§ ENTRIES SHOWN:
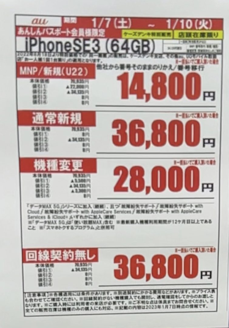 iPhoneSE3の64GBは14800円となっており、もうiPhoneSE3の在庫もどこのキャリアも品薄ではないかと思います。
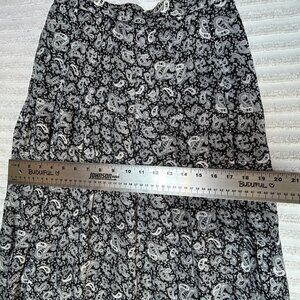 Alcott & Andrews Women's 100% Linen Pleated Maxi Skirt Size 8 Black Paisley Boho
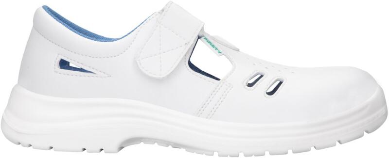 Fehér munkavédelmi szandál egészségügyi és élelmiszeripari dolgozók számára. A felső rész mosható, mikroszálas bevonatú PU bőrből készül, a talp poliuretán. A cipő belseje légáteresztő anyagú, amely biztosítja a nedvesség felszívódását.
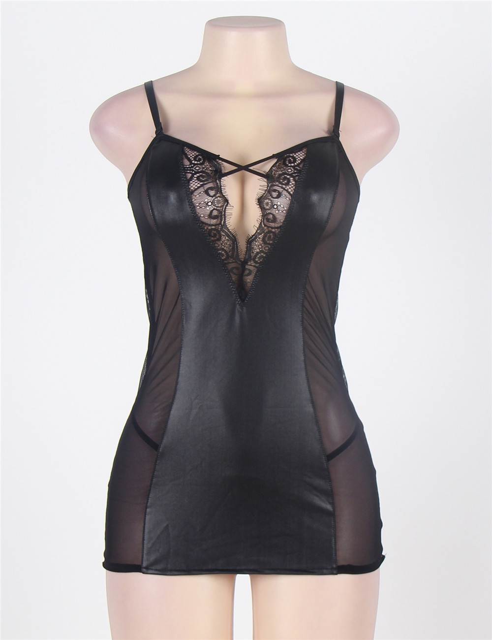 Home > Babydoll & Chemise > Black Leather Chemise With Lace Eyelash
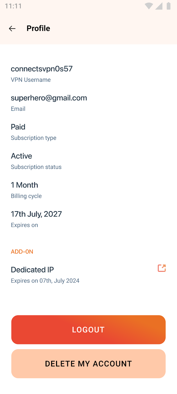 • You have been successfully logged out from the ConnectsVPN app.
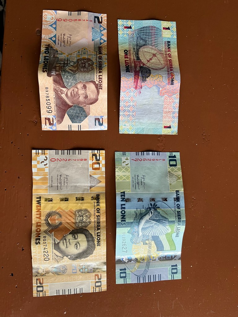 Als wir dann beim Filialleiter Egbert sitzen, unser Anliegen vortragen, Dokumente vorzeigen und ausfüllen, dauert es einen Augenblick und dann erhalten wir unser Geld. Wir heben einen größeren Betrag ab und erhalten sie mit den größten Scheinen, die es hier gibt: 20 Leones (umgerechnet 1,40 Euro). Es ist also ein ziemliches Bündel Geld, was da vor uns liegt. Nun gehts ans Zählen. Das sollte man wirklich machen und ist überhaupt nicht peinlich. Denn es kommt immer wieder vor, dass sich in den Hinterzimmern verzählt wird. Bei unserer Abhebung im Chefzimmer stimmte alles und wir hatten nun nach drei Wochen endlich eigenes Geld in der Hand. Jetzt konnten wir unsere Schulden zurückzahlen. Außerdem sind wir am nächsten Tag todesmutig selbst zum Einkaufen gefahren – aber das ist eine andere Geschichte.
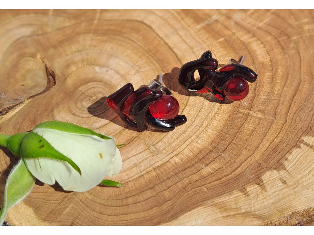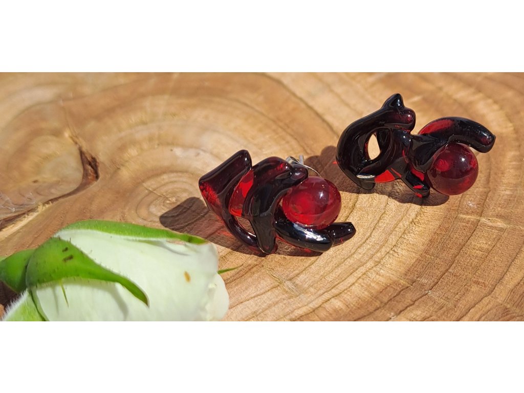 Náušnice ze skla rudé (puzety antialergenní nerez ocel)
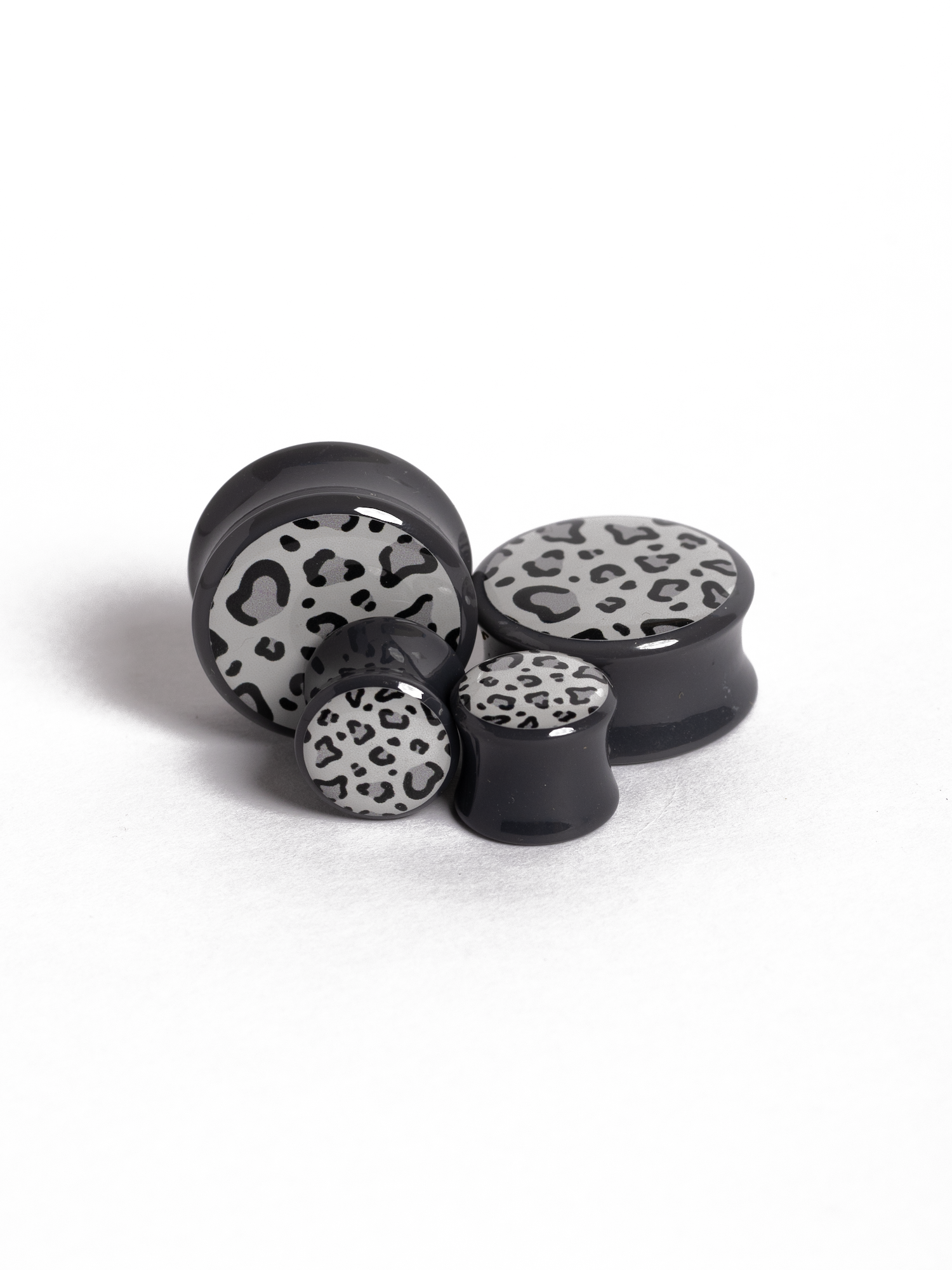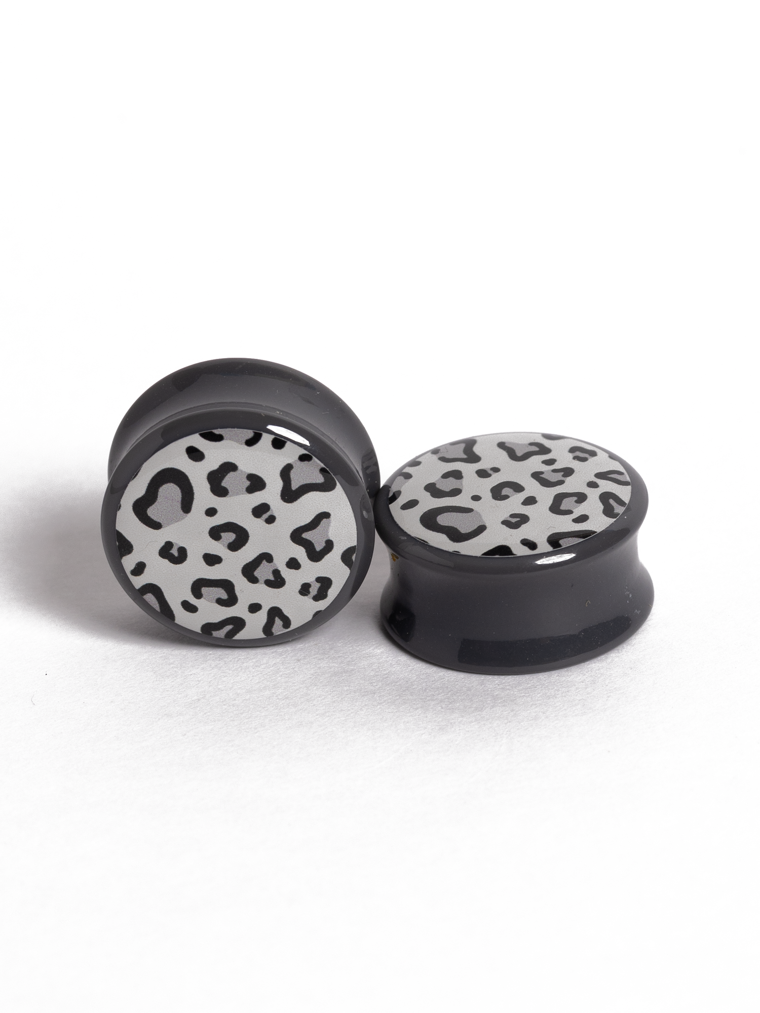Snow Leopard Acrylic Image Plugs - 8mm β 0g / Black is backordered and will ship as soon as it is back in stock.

...

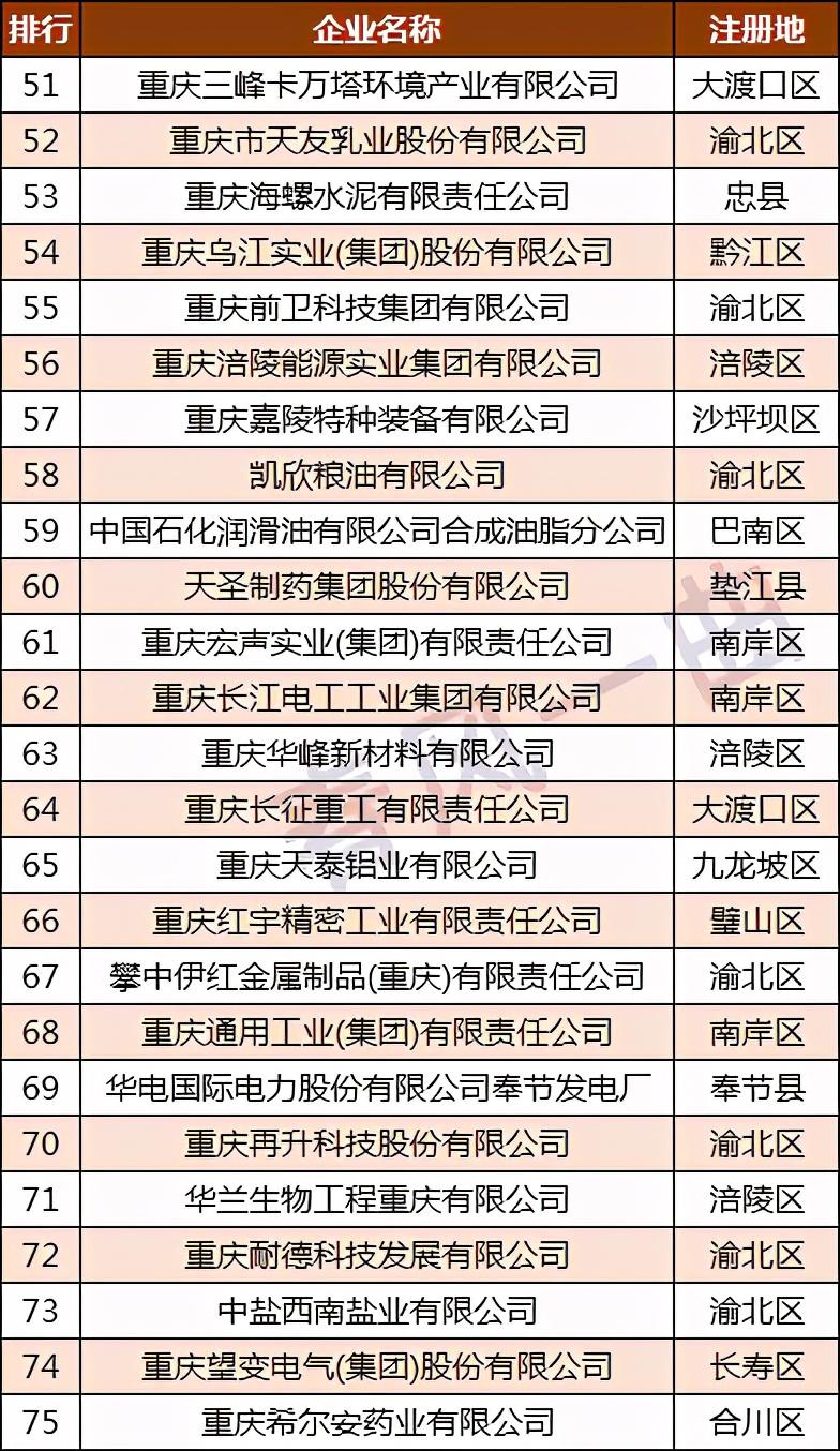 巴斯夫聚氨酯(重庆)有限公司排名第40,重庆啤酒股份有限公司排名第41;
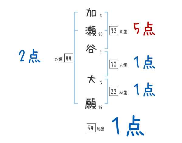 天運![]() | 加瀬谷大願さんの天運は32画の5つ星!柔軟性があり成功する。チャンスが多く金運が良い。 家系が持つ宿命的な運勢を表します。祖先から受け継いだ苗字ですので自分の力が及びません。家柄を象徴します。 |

§ WHAT THE TASK REQUIRES: The lines above from the line with "iPhoneSE3の64GB" through the line with "the ConnectsVPN app." are to be given again word for word, with no pictures among them.

§ ANSWER TO THIS TASK:
 iPhoneSE3の64GBは14800円となっており、もうiPhoneSE3の在庫もどこのキャリアも品薄ではないかと思います。
 Alcott & Andrews Women's 100% Linen Pleated Maxi Skirt Size 8 Black Paisley Boho
 Fehér munkavédelmi szandál egészségügyi és élelmiszeripari dolgozók számára. A felső rész mosható, mikroszálas bevonatú PU bőrből készül, a talp poliuretán. A cipő belseje légáteresztő anyagú, amely biztosítja a nedvesség felszívódását.
 Home > Babydoll & Chemise > Black Leather Chemise With Lace Eyelash
 • You have been successfully logged out from the ConnectsVPN app.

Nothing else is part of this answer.